Try it: Wherever the records include pictures, skip them and transcribe all the rest word for word.

Supplied records:
══════
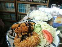 ウェイスタッフayayaちゃんとホッシィは、二人揃って本日の日替わりを注文。メンチカツとコロッケと魚のフライ、ボリューム圧巻の3本立てです。うう、若いってスバラシイーと思いましたが、風邪気味で昨日まで3食お粥だったというホッシィはいずれも1/2個ずつ食べてギブ。(昨日までセミ流動食で、いきなりミックスフライは無謀でしょー。それもやはり若さなのかしらー。)と心の中でつぶやきつつ、手作りのコロッケの味にカンゲキし、結局ホッシィの食べ残しをちょっとずつつついた私が一番お腹いっぱいになったのでした。
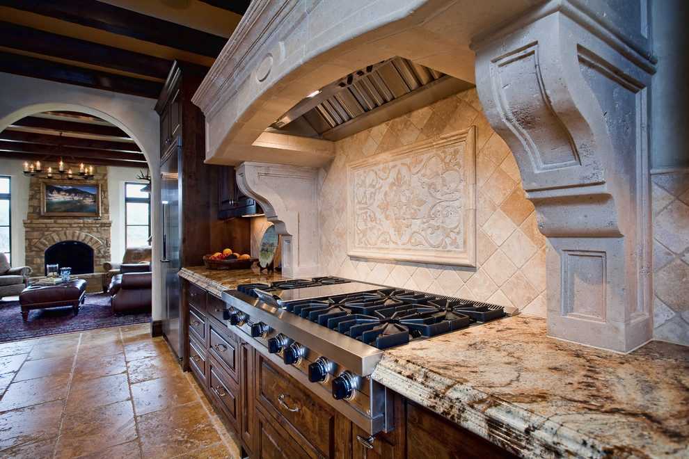 Одно из более проблемных мест – стена около рабочей поверхности стола на кухне, место над плитой или мойкой. Обычно эти места оформляются фартуками. Они могут быть сделаны из самых разнообразных материалов, например, из керамоплитки, стекла, цельного камня. Иногда их выполняют из керамогранитного материала, и это имеет ряд существенных преимуществ.
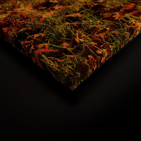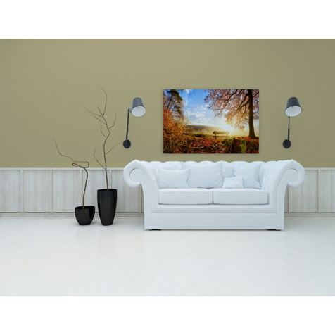 Produktinformationen "Leinwandbild 'Herbstmorgen im Laubwald' - Naturmotiv in Braun und Grün, 120 cm x 80 cm | Wandbild"
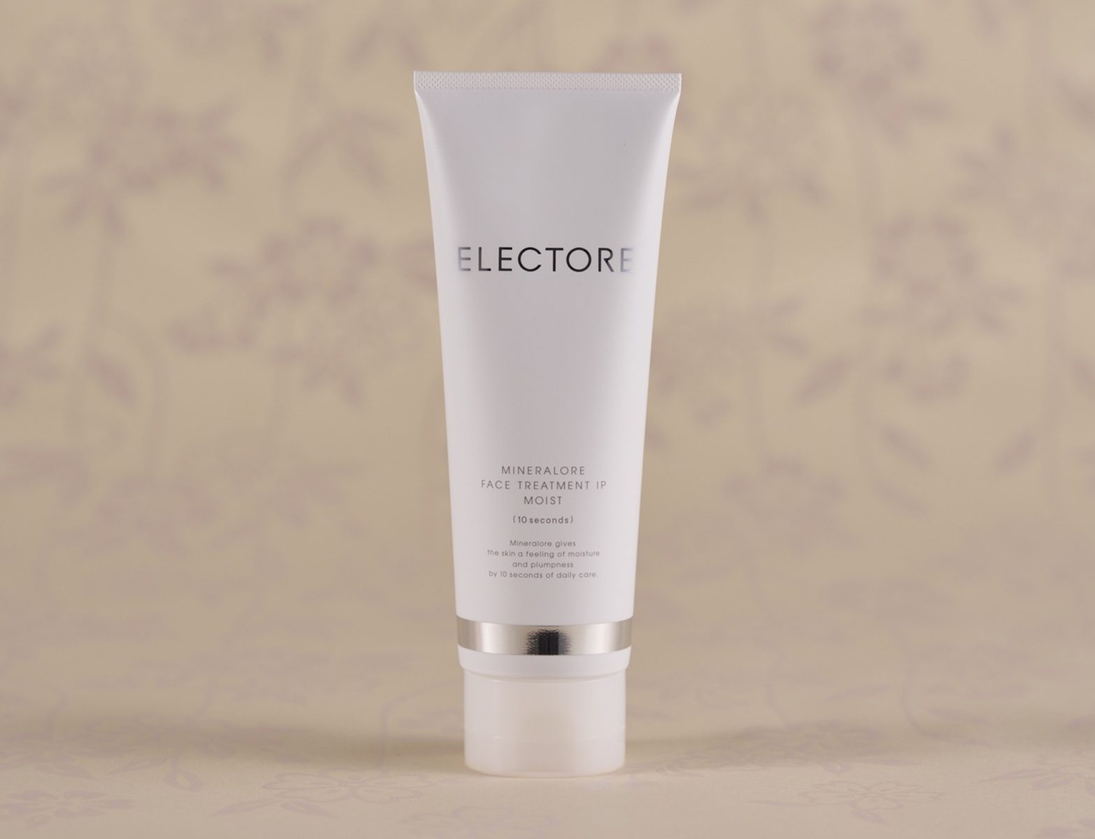桜柄の唐紙に置いた化粧品は、『エレクトーレ ミネラルオーレ フェイストリートメント IP モイスト』(100g/5,995円税込)。これは洗い流すお顔のトリートメントです。たった10秒で3つの効果「古い角質を溜めない」、「キメ・水分バランスを整える」、「うるおい・ハリ・ツヤを保つ」を叶えてくれます。是非、バスタブの中でお薦めしたいケアです。2024年5月のリニューアルで美容成分をさらに追加し、使用後の確かなうるおいやハリ弾力肌をより実感できるるようになり、テクスチャーも心地よくなめらかに進化しています。このフェイストリートメントに高配合されている独自成分「ミネラルオーレ※」は、岐阜県奥美濃地方でのみ採掘される天然鉱石をクレイ状にする過程で独自技術でマイナス電位を保持させたもの。ミネラルオーレのほか、厳選された美容成分も配合されています。
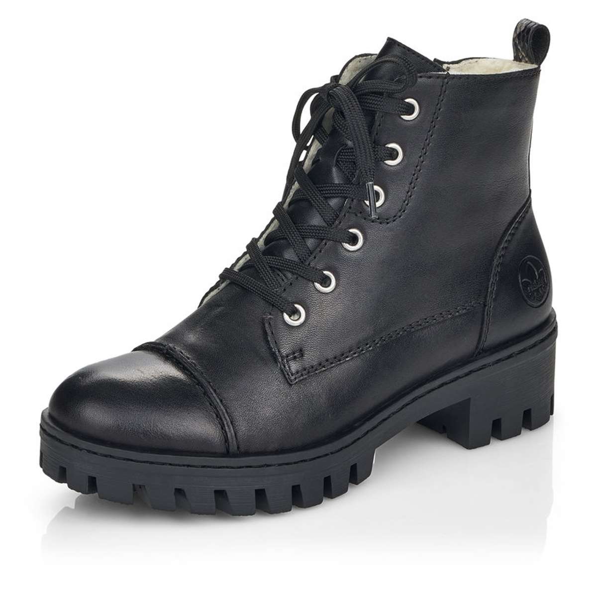 Elegantní kožený model v černé barvě s teplou podšívkou Vás zaujme na první pohled. Hladký svršek je doplněn jednoduchým šitím a kovovými kroužky na tkaničky. Vnitřní funkční zip a poutko v patě využijete při obutí či vyzutí.
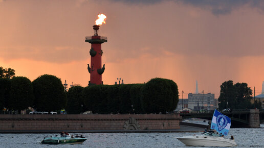 В честь победы «Зенита» в Петербурге зажгли факелы Ростральных колонн
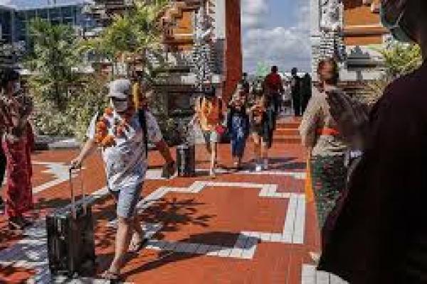 Ilustrasi. Sejumlah penumpang domestik disambut ketika tiba di Bandara I Gusti Ngurah Rai, Kuta, Bali, Jumat 31 Juli 2020.(foto: Tempo)
══════
Result:
 ウェイスタッフayayaちゃんとホッシィは、二人揃って本日の日替わりを注文。メンチカツとコロッケと魚のフライ、ボリューム圧巻の3本立てです。うう、若いってスバラシイーと思いましたが、風邪気味で昨日まで3食お粥だったというホッシィはいずれも1/2個ずつ食べてギブ。(昨日までセミ流動食で、いきなりミックスフライは無謀でしょー。それもやはり若さなのかしらー。)と心の中でつぶやきつつ、手作りのコロッケの味にカンゲキし、結局ホッシィの食べ残しをちょっとずつつついた私が一番お腹いっぱいになったのでした。
 Одно из более проблемных мест – стена около рабочей поверхности стола на кухне, место над плитой или мойкой. Обычно эти места оформляются фартуками. Они могут быть сделаны из самых разнообразных материалов, например, из керамоплитки, стекла, цельного камня. Иногда их выполняют из керамогранитного материала, и это имеет ряд существенных преимуществ.
 Produktinformationen "Leinwandbild 'Herbstmorgen im Laubwald' - Naturmotiv in Braun und Grün, 120 cm x 80 cm | Wandbild"
桜柄の唐紙に置いた化粧品は、『エレクトーレ ミネラルオーレ フェイストリートメント IP モイスト』(100g/5,995円税込)。これは洗い流すお顔のトリートメントです。たった10秒で3つの効果「古い角質を溜めない」、「キメ・水分バランスを整える」、「うるおい・ハリ・ツヤを保つ」を叶えてくれます。是非、バスタブの中でお薦めしたいケアです。2024年5月のリニューアルで美容成分をさらに追加し、使用後の確かなうるおいやハリ弾力肌をより実感できるるようになり、テクスチャーも心地よくなめらかに進化しています。このフェイストリートメントに高配合されている独自成分「ミネラルオーレ※」は、岐阜県奥美濃地方でのみ採掘される天然鉱石をクレイ状にする過程で独自技術でマイナス電位を保持させたもの。ミネラルオーレのほか、厳選された美容成分も配合されています。
 Elegantní kožený model v černé barvě s teplou podšívkou Vás zaujme na první pohled. Hladký svršek je doplněn jednoduchým šitím a kovovými kroužky na tkaničky. Vnitřní funkční zip a poutko v patě využijete při obutí či vyzutí.
 В честь победы «Зенита» в Петербурге зажгли факелы Ростральных колонн
 Ilustrasi. Sejumlah penumpang domestik disambut ketika tiba di Bandara I Gusti Ngurah Rai, Kuta, Bali, Jumat 31 Juli 2020.(foto: Tempo)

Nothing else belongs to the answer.